Exercise details - How do the lines below between the ones holding "Canon Zoemini 2" and "寿县2023年第53批次(增减挂钩)城镇建设用地协议签订情况表", inclusive, read? Give them again exactly, with no other lines.

Records -
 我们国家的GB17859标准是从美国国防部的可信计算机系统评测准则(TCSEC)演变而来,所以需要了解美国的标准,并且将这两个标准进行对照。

==

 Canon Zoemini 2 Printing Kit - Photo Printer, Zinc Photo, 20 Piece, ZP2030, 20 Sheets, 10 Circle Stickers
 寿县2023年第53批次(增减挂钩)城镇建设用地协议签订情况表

Exercise response -
 Canon Zoemini 2 Printing Kit - Photo Printer, Zinc Photo, 20 Piece, ZP2030, 20 Sheets, 10 Circle Stickers
 寿县2023年第53批次(增减挂钩)城镇建设用地协议签订情况表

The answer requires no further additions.